The impact of isolating transactions is achieved through locks, and this concept is more complex, so this article does not explain this concept in detail. Blocking to prevent the effect
SQL Server provides 5 options to avoid the impact of different levels of transactions
Isolation level from low to high 1) uncommitted read (read UNCOMMITTED) (highest performance, but may be dirty read, not repeatable read, Phantom Read): The SELECT statement is executed in a way that is not locked. 2 Submit Read (Read Committed) (may appear unreadable, Phantom Read): only read the submitted data. 3 Repeatable read (repeated read) (may appear): by adding a shared record lock implementation , that is, SELECT .... For UPDATE 4) serial Read (Serializable) (lowest performance, range lock will cause concurrent descent): Full serialization read, all SELECT statements are implicitly converted to select ... Lock in SHARE MODE, where reading uses table-level shared locks , both reads and writes are blocked. Highest isolation level.
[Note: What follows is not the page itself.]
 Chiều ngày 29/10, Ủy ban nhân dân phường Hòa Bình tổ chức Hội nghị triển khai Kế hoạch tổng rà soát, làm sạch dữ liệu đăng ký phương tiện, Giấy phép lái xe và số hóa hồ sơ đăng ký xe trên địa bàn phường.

5 Snopshot (This is done by creating an extra pair in tempdb to avoid dirty reads and not to read repeatedly, which creates an additional burden for tempdb because it is not a standard ANSI SQL standard and is not discussed in detail)
Isolation Level Comparison table:
all in all, different isolation levels are implemented by adding different locks to the block to see an example:
SQL Server blocks dirty reads by blocking, so maintaining independence is at the expense of performance:
Understanding Persistence (Durability)
Persistence means that changes made to the database by the firm after the transaction is completed are persisted in the database and are not rolled back.
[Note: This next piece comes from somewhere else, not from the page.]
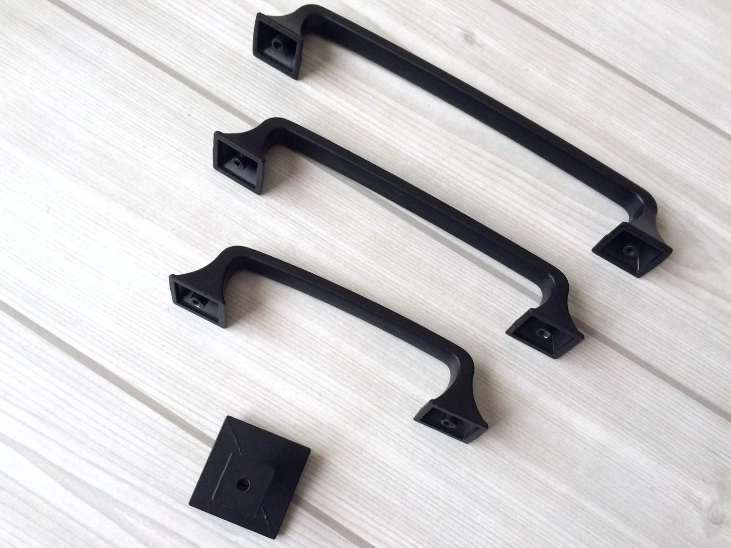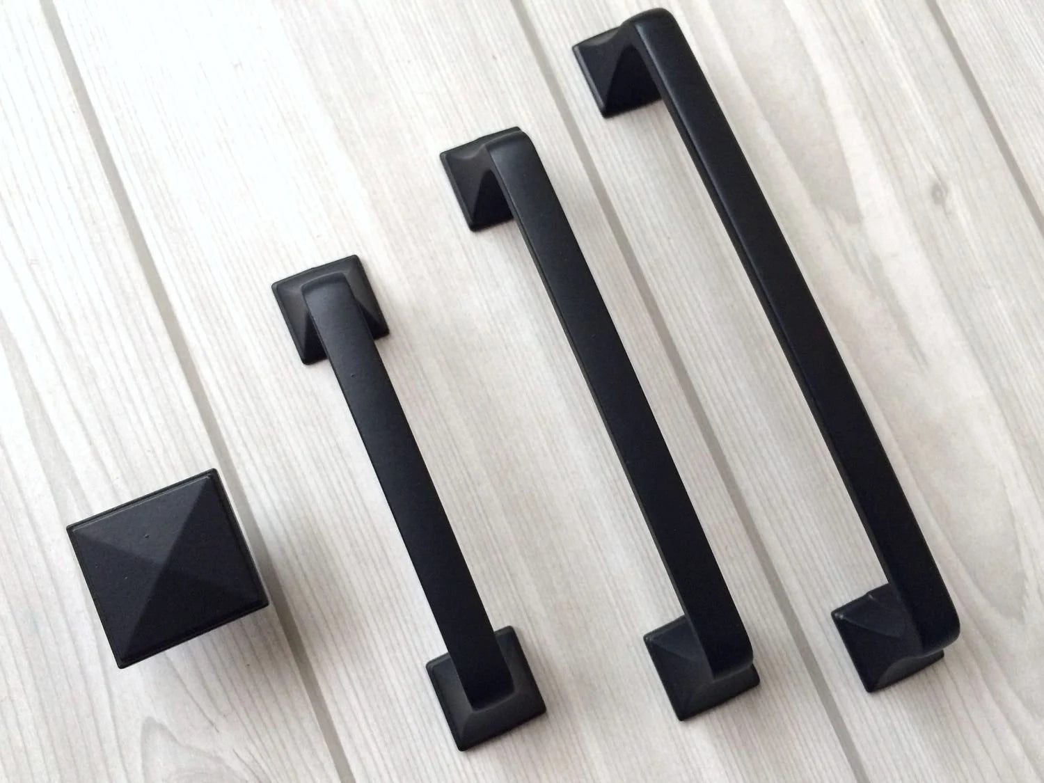Black Cabinet Pulls, Square Knobs, Minimalist Kitchen Hardware

When a transaction is committed, it is persisted in the database, even if there is any accident, such as a power outage.
SQL Server guarantees persistence by Write-ahead transaction log. Write-ahead transaction log means that changes to the database in a transaction are first written to the transaction log before being written to the database. The transaction log is automatic arranging in order (LSN). When a database crashes or a server breakpoint is started, restarting SQL Server,sql server first checks the log order number to make it persistent by persisting the part of the database that should have been changed instead of to the database.
Summary:
The (ACID) characteristics of a transaction are implemented by a relational database management system (RDBMS, database System). The database management system uses logs to ensure the atomicity, consistency, and durability of transactions. The log records the update that the transaction made to the database, and if a transaction occurs during execution, it can undo the update that the transaction has made to the database based on the log, and return the database to its initial state before the transaction is performed.
The database management system adopts the lock mechanism to realize the separation of the transaction. When more than one transaction updates the same data in the database, only the transaction that holds the lock can update the data, and other transactions must wait until the previous transaction releases the lock, and other transactions have the opportunity to update the data.